**Task description:** Quote the lines below from the one containing "Boys grey jersey" to the final line, both ends included; exclude the pictures.

Segment Start: Exercise data

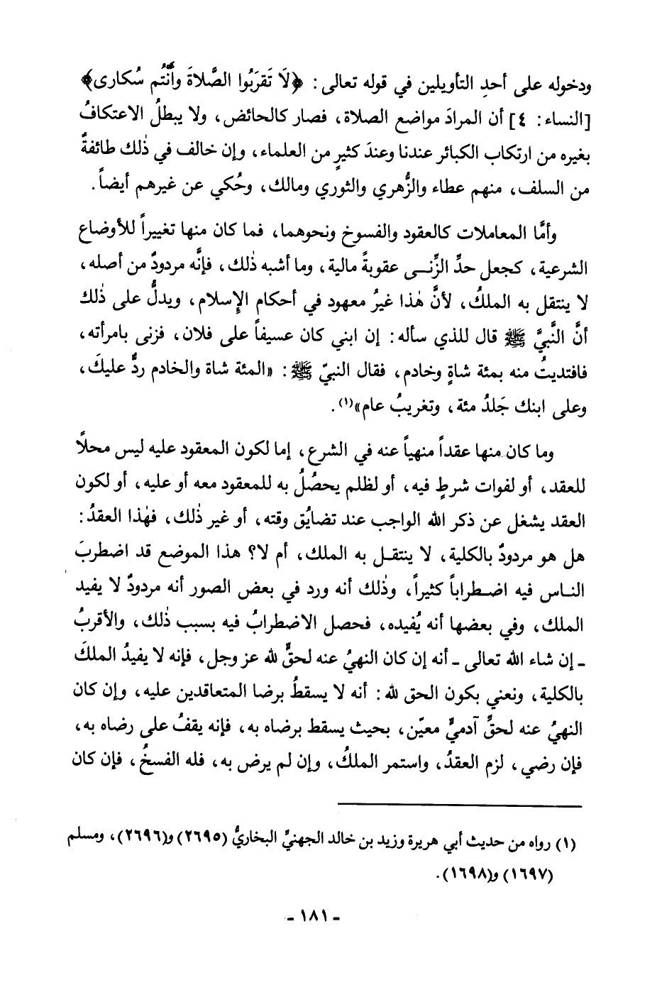 وَدُخُولِهِ عَلَى أَحَدِ التَّأْوِيلَيْنِ فِي قَوْلِهِ تَعَالَى: {لَا تَقْرَبُوا الصَّلَاةَ وَأَنْتُمْ سُكَارَى} [النساء: 43] (النِّسَاءِ: 43) أَنَّ الْمُرَادَ مَوَاضِعُ الصَّلَاةِ، فَصَارَ كَالْحَائِضِ، وَلَا يُبْطِلُ الِاعْتِكَافَ بِغَيْرِهِ مِنِ ارْتِكَابِهِ الْكَبَائِرَ عِنْدَنَا وَعِنْدَ كَثِيرٍ مِنَ الْعُلَمَاءِ، وَإِنْ خَالَفَ فِي ذَلِكَ طَائِفَةٌ مِنَ السَّلَفِ، مِنْهُمْ عَطَاءٌ وَالزُّهْرِيُّ وَالثَّوْرِيُّ وَمَالِكٌ، وَحُكِيَ عَنْ غَيْرِهِمْ أَيْضًا. وَأَمَّا الْمُعَامَلَاتُ كَالْعُقُودِ وَالْفُسُوخِ وَنَحْوِهِمَا، فَمَا كَانَ مِنْهَا تَغَيُّرًا لِلْأَوْضَاعِ الشَّرْعِيَّةِ، كَجَعْلِ حَدِّ الزِّنَا عُقُوبَةً مَالِيَّةً، وَمَا أَشْبَهَ ذَلِكَ، فَإِنَّهُ مَرْدُودٌ مِنْ أَصْلِهِ، لَا يَنْتَقِلُ بِهِ الْمِلْكُ، لِأَنَّ هَذَا غَيْرُ مَعْهُودٍ فِي أَحْكَامِ الْإِسْلَامِ، وَيَدُلُّ عَلَى ذَلِكَ أَنَّ «النَّبِيَّ صَلَّى اللَّهُ عَلَيْهِ وَسَلَّمَ قَالَ لِلَّذِي سَأَلَهُ: إِنَّ ابْنِي كَانَ عَسِيفًا عَلَى فُلَانٍ، فَزَنَى بِامْرَأَتِهِ، فَافْتَدَيْتُ مِنْهُ بِمِائَةِ شَاةٍ وَخَادِمٍ، فَقَالَ النَّبِيُّ صَلَّى اللَّهُ عَلَيْهِ وَسَلَّمَ: الْمِائَةُ الشَّاةُ وَالْخَادِمُ رَدٌّ عَلَيْكَ وَعَلَى ابْنِكَ جَلْدُ مِائَةٍ، وَتَغْرِيبُ عَامٍ» .
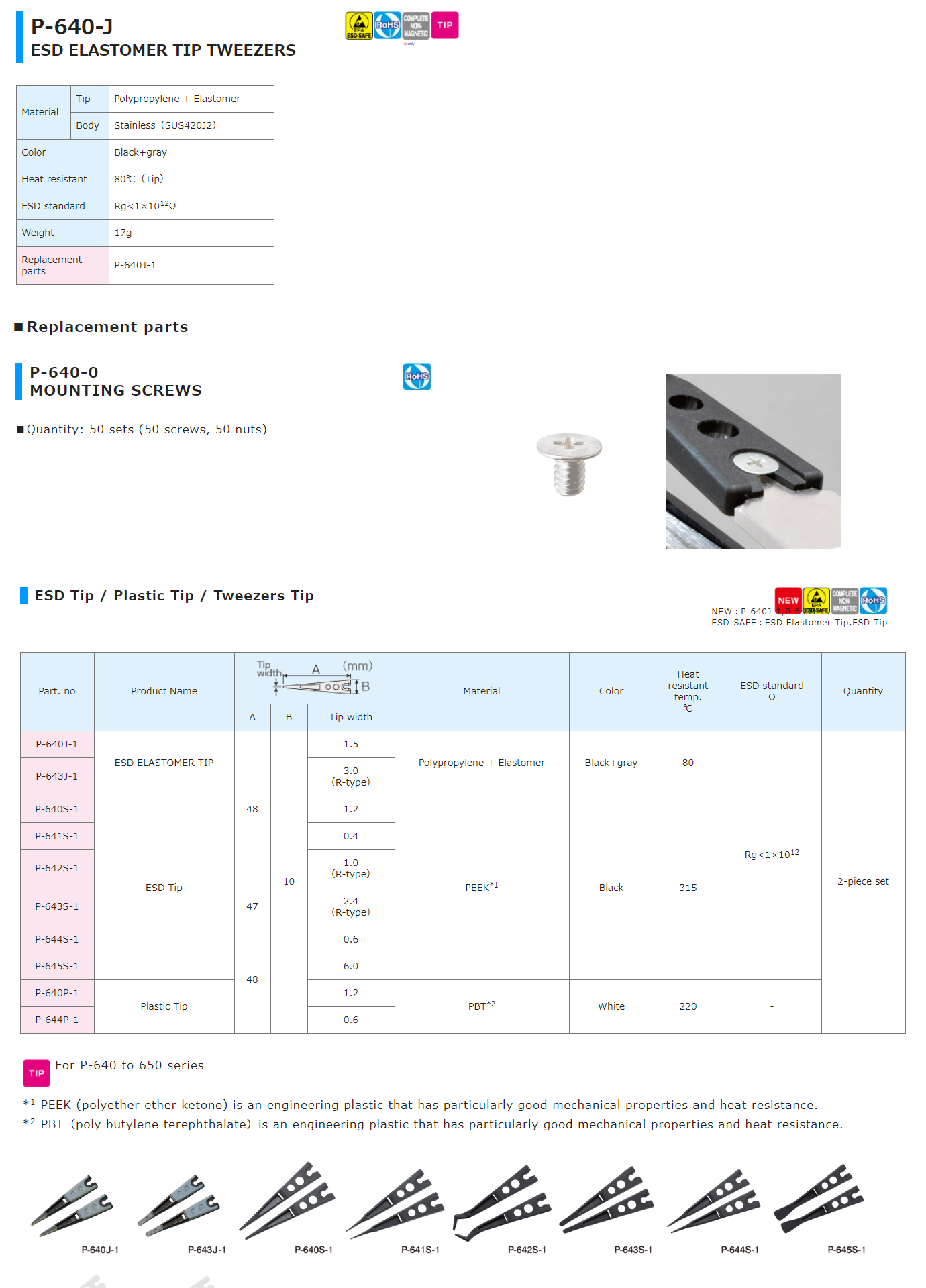 Nhíp đàn hồi chống tĩnh điện ESD HOZAN P-640-J
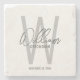 This design features personalised groomsman's name in grey modern handwriting script font style and monogram in light grey modern sans serif font style as background, with wedding details in grey modern sans serif font style, on marble coaster.
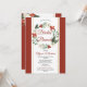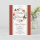 Basta os detalhes de seu Bridal Brunch para completar este bonito design verde-mudo e vermelho-floral e bagas sobre um painel branco com faixas de borda de ouro mudas em um fundo vermelho-sujo. A parte traseira apresenta um buquê floral coordenado em cantos opostos (superior esquerdo e inferior direito). Um estilo simples e moderno que certamente impressionará os seus destinatários.
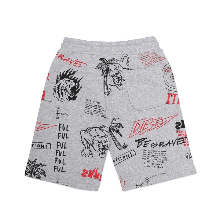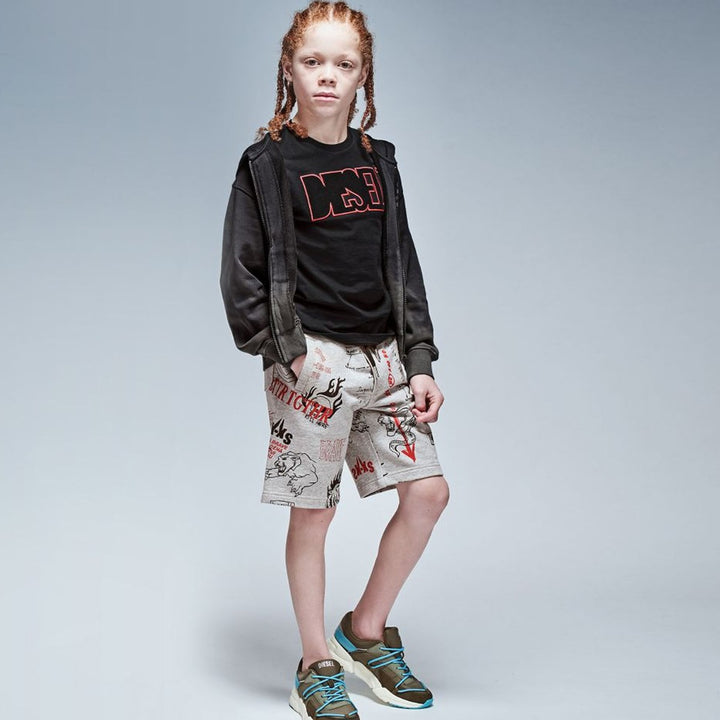 Boys grey jersey shorts by Diesel, made in soft and mid-weight cotton. They have a cool red and black sketched logo print and three useful pockets. The elasticated waist fastens with a drawstring.
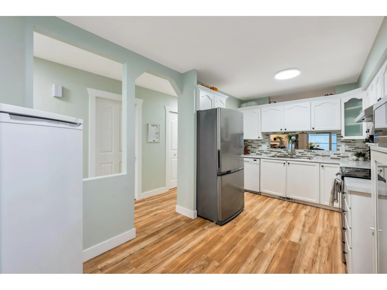 Welcome to this beautifully updated townhome in the Bridlewoods! This 3 bedroom/ 3 bathroom 2-storey home is thoughtfully renovated with modern finishings. Enjoy the refreshed living space with New windows (2023), updated lighting and the popcorn ceiling smoothed for a clean look. Completely repainted and New laminate flooring throughout. The bathrooms have been tastefully upgraded including the main bath with new flooring, vanity & fully remodeled powder room. Other features include a gas fireplace, New hot water tank (2024), New kitchen faucet and single car garage w/ a 2nd parking spot out front. With an amazing central Walnut Grove location this one is a must see! (id:27476)
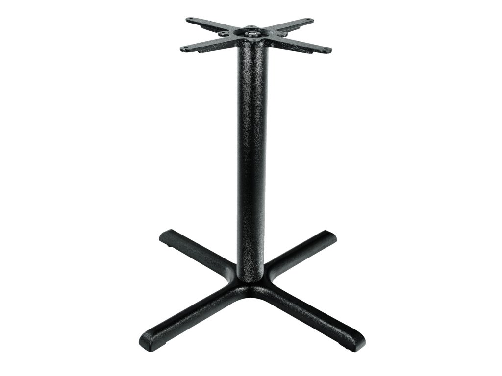 Stolová podnož s krížovou základňou z práškovo lakovanej liatiny. S patentovanou technológiou FLAT. Hydraulicky namontované podlahové klzáky stolových stĺpov sa dokonale prispôsobia nerovným podlahám. Vďaka tomu možno rýchlo a jednoducho vyrovnať výšku viacerých stolov a jednoducho ich spojiť. Potom sa automaticky zaistia na svojom mieste. Jednoduché čistenie. Vhodné na použitie v interiéri. Dodáva sa v demontovanom stave. Jednoduchá montáž. Vrátane upevňovacieho materiálu pre stolové dosky. Prípustná celková hmotnosť stolovej dosky: maximálne 20 kg. Vezmite prosím na vedomie požiadavky na veľkosť stolovej dosky, aby sa zabezpečila stabilita robustnej základne.Dodatočné parametre

Segment End: Exercise data

**Written response:**
 Boys grey jersey shorts by Diesel, made in soft and mid-weight cotton. They have a cool red and black sketched logo print and three useful pockets. The elasticated waist fastens with a drawstring.
 Welcome to this beautifully updated townhome in the Bridlewoods! This 3 bedroom/ 3 bathroom 2-storey home is thoughtfully renovated with modern finishings. Enjoy the refreshed living space with New windows (2023), updated lighting and the popcorn ceiling smoothed for a clean look. Completely repainted and New laminate flooring throughout. The bathrooms have been tastefully upgraded including the main bath with new flooring, vanity & fully remodeled powder room. Other features include a gas fireplace, New hot water tank (2024), New kitchen faucet and single car garage w/ a 2nd parking spot out front. With an amazing central Walnut Grove location this one is a must see! (id:27476)
 Stolová podnož s krížovou základňou z práškovo lakovanej liatiny. S patentovanou technológiou FLAT. Hydraulicky namontované podlahové klzáky stolových stĺpov sa dokonale prispôsobia nerovným podlahám. Vďaka tomu možno rýchlo a jednoducho vyrovnať výšku viacerých stolov a jednoducho ich spojiť. Potom sa automaticky zaistia na svojom mieste. Jednoduché čistenie. Vhodné na použitie v interiéri. Dodáva sa v demontovanom stave. Jednoduchá montáž. Vrátane upevňovacieho materiálu pre stolové dosky. Prípustná celková hmotnosť stolovej dosky: maximálne 20 kg. Vezmite prosím na vedomie požiadavky na veľkosť stolovej dosky, aby sa zabezpečila stabilita robustnej základne.Dodatočné parametre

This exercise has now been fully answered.